Indeed we do not expect the patient to be infected with many strains. We updated the text of the vignette and calculation to make it clearer.

In the “How stable and infectious is the virion on surfaces?” section. The last sentence current reads “From the basic reproductive number R 0 ≈2-4 we can infer an upper bound on the risk of infection from touching a surface recently touched by an infected person.” But then do not provide a calculation or any additional information and the paragraph ends. Delete this sentence or include the additional calculations/information.

We revised the ending accordingly.

Comments from reviewer #3:

- Regarding paragraph 2 - Worth clarifying that this needs to be modified for households of more than 1 person.

There might be some modification possible but we are unsure what it should be.

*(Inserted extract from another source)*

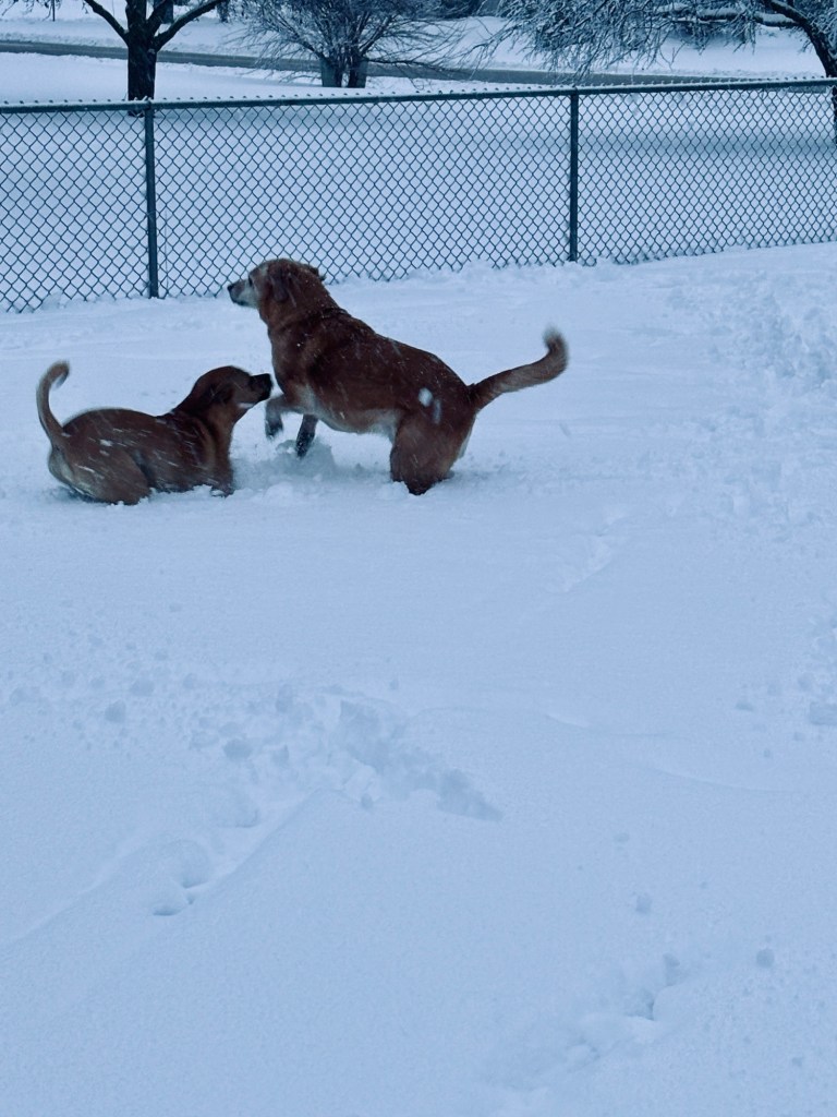 Also, the snow is pretty. And Cooper experienced the deep snow for the first time. We got about a foot by dinner time, and he barely stood above it. He and Barley had fun trying to catch snowballs and chasing each other, and we had fun watching them.

- Regarding paragraph 5 - Worth making this statement a bit more tentative or adding a ref or explanation for the claim.

We updated the statement and made it more tentative as suggested.

- Regarding the sentence that starts "Multiplying the mutation rate . . ."

- Please consider adding something along the following lines: "assuming no fitness effects for the virus."

- I was also confused by how we know the evolutionary rate – by assuming a date of introduction arrived at independently from the sequence data?

We updated the text as suggested. The inference of the evolutionary rate is detailed in the reference cited.

- Regarding the sentence that starts "Multiplying the mutation rate . . ."

- Add “on average”.

This number is not actually an average, but an estimate from the reported peak RNA concentrations, which range from 10⁶-10¹¹ RNAs/mL. We have updated the text to make it more clear how we arrive at this number.